Thursday, 10 May 2018

Sam Lee Singing with Nightingales – Phoenix Theatre, Exeter, 9th May, 2018

New Ode to the Nightingale

It is just over three years since I saw Sam Lee performing, again at the Phoenix, and that genuinely outstanding gig was one of the more memorable I have ever attended, reviewed here [and within that, references to other reviews of his music].

I expected more of the same last night, but I was in for a shock surprise – I hadn’t really paid attention to what was on offer, though I did know about his nightingale project – yet what an extraordinary, pleasing shock it was.

Instead of the musical ensemble I was expecting, in that ignorance, there were just two other musicians with Lee: Adrian Freedman playing the shakuhachi, a bamboo Zen flute of Japan, and Chartwell Dutrio playing the mbira which is an ancient instrument consisting of at least 22 metal keys mounted on a wooden soundboard, in this case like a gourd. 

These three had never played together before, and the night was in every sense an improvisation, especially the extraordinary event after the interval. Before this, and throughout the night, there was much talk about the nightingale and the wider project, based on a farm at Knepp in Sussex where the resident ecologist, Penny Green, works and records the singing of this melodic bird. Lee rang her on his mobile at the beginning of the gig to talk about the chances of hearing the singing that night, to be played later into the theatre live.

It was already in full voice.

But more of this in a moment. Lee opened the evening’s music by singing solo Spencer the Rover, a beautiful resonant delivery as one expects from him, and a treat for me, loving the version that John Martyn sang. Both Adrian and Chartwell had solo spots, explaining their instruments, and it was a fascinating learning about and experiencing of their respective superlative playing: and with Chartwell also singing – at one point later performing throat singing.

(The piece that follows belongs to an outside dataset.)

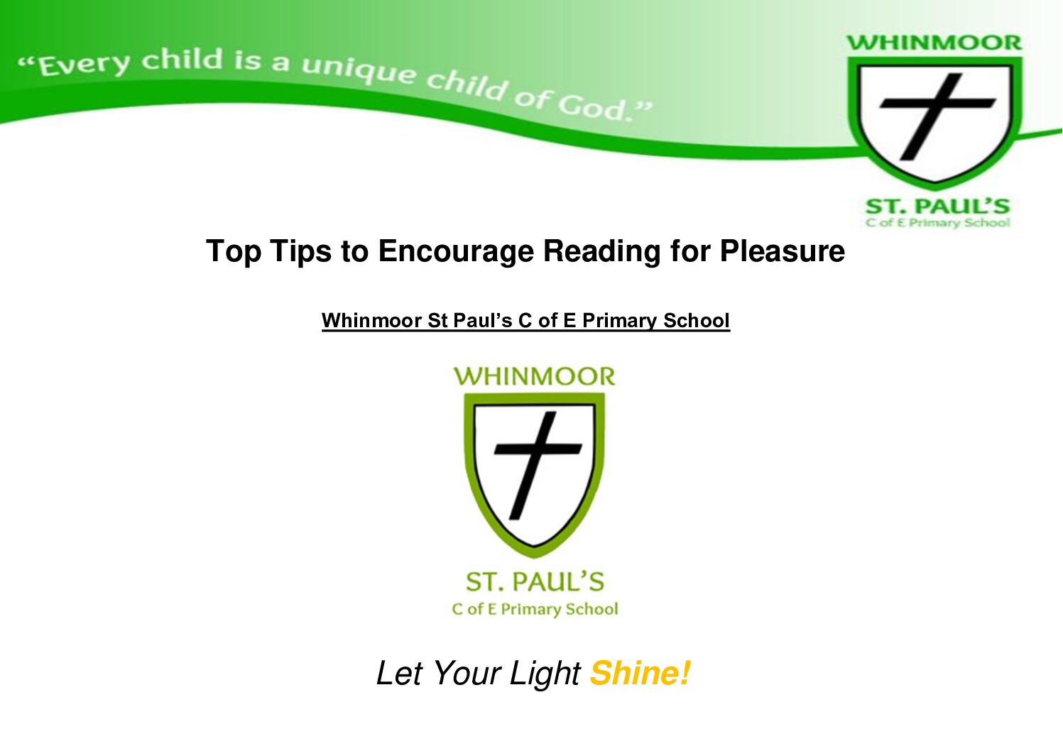 We expect pupils at Whinmoor St Paul’s Primary to develop a habit of reading widely and often, for both pleasure and a way of gaining information. We promote our reading culture in the following ways:

All wonderful. In the metaphor of a camp-fire setting – so lights dimmed and an informal presentation throughout, including sing-alongs for those inclined – Lee talked more about the ecological realities of the nightingales’ reducing springtime habitats in England – no longer in Cornwall, probably not in Devon, a few in Dorset and Somerset, but mostly, when here now, in the south east of England – and he told the story of how the nightingale was given its voice by the She-god of his telling it. There was also a recollection of the BBC’s first ever live outside broadcast of cellist Beatrice Harrison playing along to the singing of the nightingale in her garden in 1924 – an event, we are told, that was set up and recorded on the 18th May when the nightingale didn’t appear, and then again on the 19th when it also didn’t appear, so an American, Charles Kellogg, a vaudeville performer who imitated bird songs, was brought in to mimic the singing of the nightingale – and it struck me that this may well be one of the first ever and genuine Fake News stories/events!

To the extraordinary musical event of the night – after the interval, Lee rang Green back in Sussex and to cut to the chase, the nightingale was singing, singing in glorious variety and volume and this was transferred into the theatre through the PA system. It was genuinely beautiful to hear, the darkened setting of our sitting, and all that had preceded, preparing us for the experience in as ‘natural’ a way as one could – the paradox of this technology making just such an event possible being one of the most perfect imaginable. if we were

In terms of music, Lee began with his shruti box and a low hum/murmur to merge with its sonorous sound and accompany the nightingale’s virtuoso melodies. Freedman and Dutrio played their own solo accompaniments and it is impossible to fully embrace that improvised and empathetic playing with words, but it was, as I have said, genuinely extraordinary. Freedman’s shakuhachi – and he had a range to play – obviously had the most inherent ‘match’ to the birdsong, but it was on their last ensemble jam that this trio fully communed with the nightingale and the audience, some again who sang along to the mantra Dutrio devised which was a beautiful descending melody. 

A unique gig and I am so pleased to have attended.